Tuesday, November 14, 2006

High energy standup meetings

Given that we practice eXtreme Programming at our team, we hold daily standup meetings. Having attended them for 9 months, I appreciate their value in keeping the team connected and committed to the project.

One thing that I find particularly important however is keeping energy high in the meetings.

To achieve that, here are several suggestions that I have applied:
  • Before everybody shows up, begin a casual conversation with someone, speaking with a loud voice and showing great enthusiasm and interest. Works best if you get other people to join the conversation before the meeting begins as it puts everybody in an excited enthusiastic mood.
  • Start the meeting with News of the Day. Make sure to select a single ground-breaking story that will attract the team's interest
  • Crack a joke, especially if you're natural at telling jokes. (I find that getting people to laugh at my lousy performance of a joke does the trick of energizing the team as well. ;) )
  • Rotate who leads the team as this creates variety in the meetings and infuses different personal flavors
If anyone has interesting ideas to energize a standup meeting or would like to share personal experiences with standup meetings, please post a comment.
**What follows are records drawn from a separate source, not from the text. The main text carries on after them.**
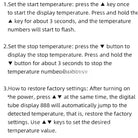 Press the down button once to display the stop temperature, long press the button for about 3 seconds, the stop temperature number will flash, and the desired temperature value can be set by the up and down buttons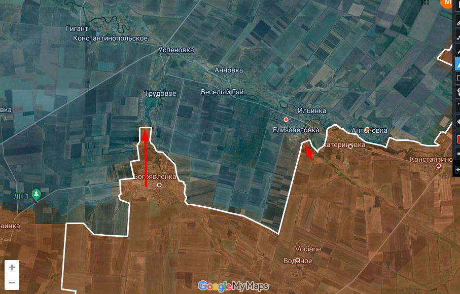 Цитата: Администратор от 31.10.2024, 04:26Основные события происходят на южном (ранее угледарском) участке. С ранее занятой Катериновки Днр/Рф развивают наступление в сторону Елизаветовки, а из Богоявленки в сторону Трудового в общем направлении на Курахово.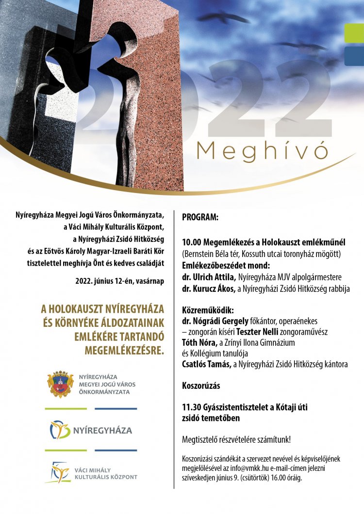 A Holokauszt Nyíregyháza és környéke áldozataira emlékeznek június 12-én a Holokauszt emlékműnél. A megemlékezést koszorúzás követi, majd gyászistentisztelet tartanak a Kótaji úti zsidó temetőben.
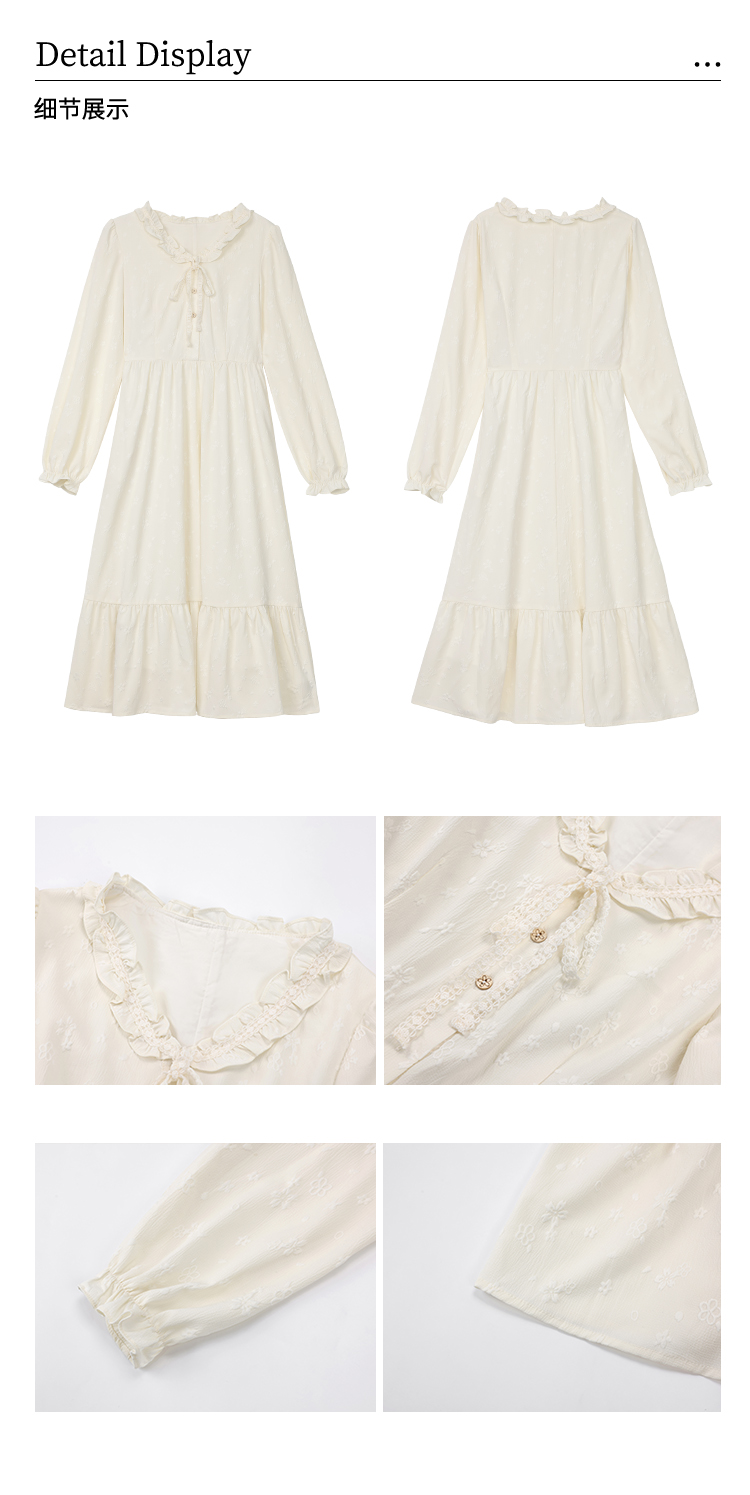鹿向南 [柔光铃兰] 2025年秋季新款法式气质连衣裙女显瘦杏色长裙QJD00631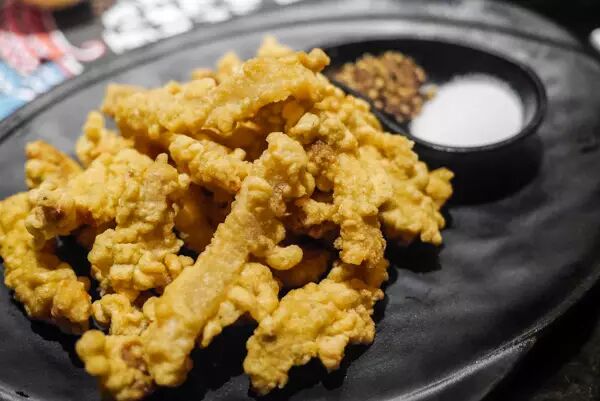 现炸酥肉哪能少?肥瘦参半的肉,裹上面粉在油中炸至金黄,沾取花椒粉和盐,香味适口,不干不柴,可涮吃也可以干吃。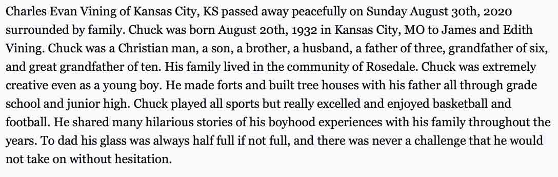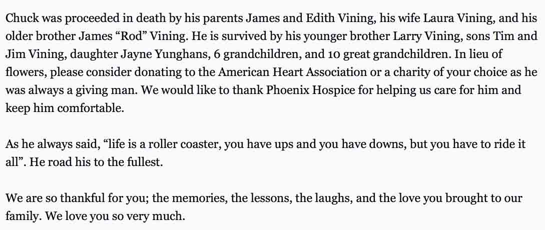 Obituary for Charles Even Vining, from the website of Penwell-Gabel Funderal Home. Thursday, 4 May 2006 issue.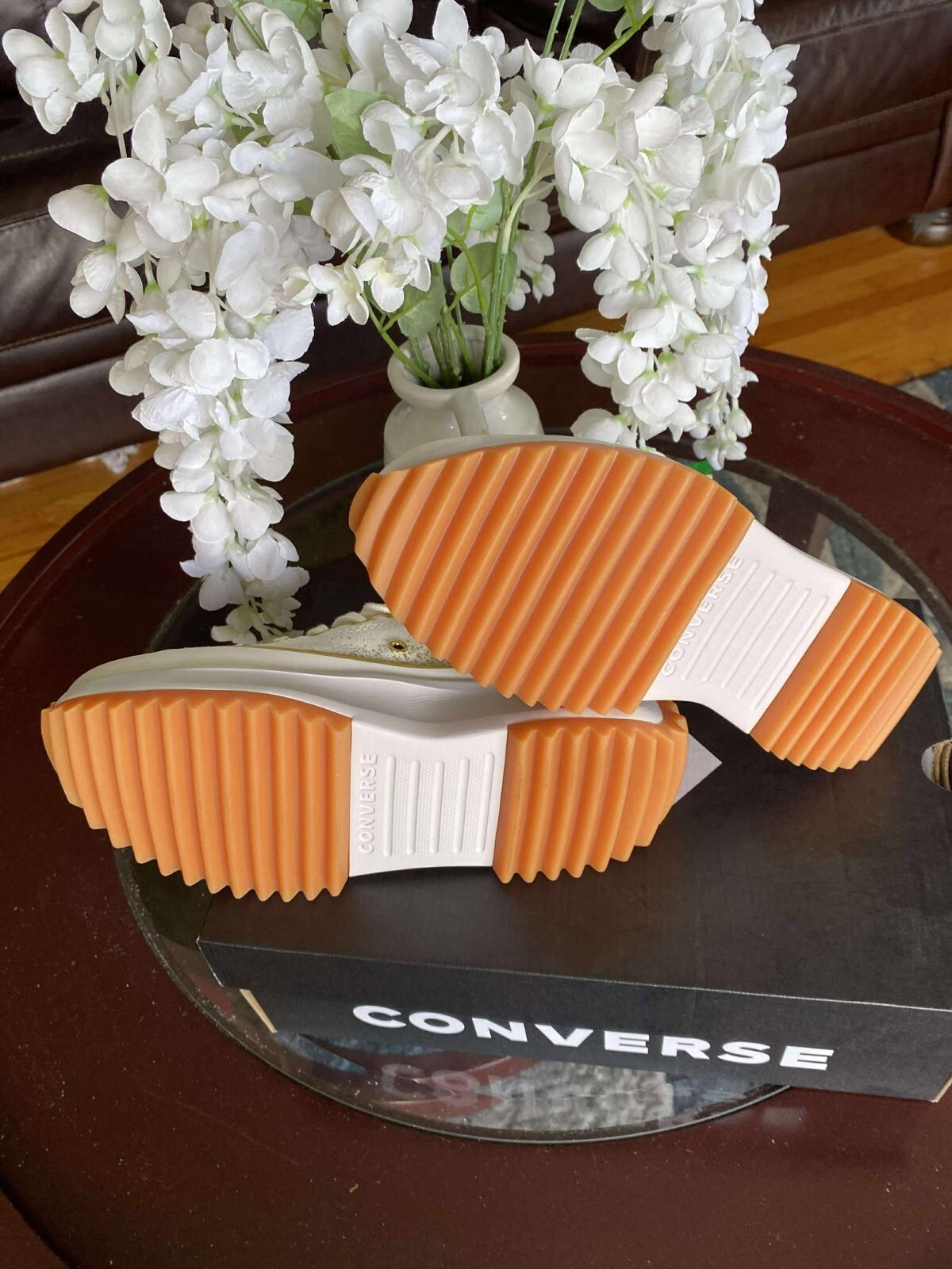 Converse Run Star Hike High Top Sneakers Women Size 8 Gold and cream New in box

Remember, keep energy high in standup meetings.

1 comment:

David Beers said...

Just wanted to say that having been involved in stand-ups both before and after Andy started implementing these ideas, I really do find that his suggestions have energized the meetings. It might sound a little silly to talk about "energizing" meetings, but it's amazing how much more you can accomplish in a short time if you have a moment at the start where you all laugh about something and focus everyone's attention on the group. (Usually someone has some wise crack about the "news" announcement that breaks the ice and gets people into the mood for the meeting. Choose news items with this in mind, rather than trying to find things that are especially relevant to the work at hand.)

Maybe the real take-away is this: don't let stand-up meetings get into a rut. Shake them up from time to time so people don't "switch off."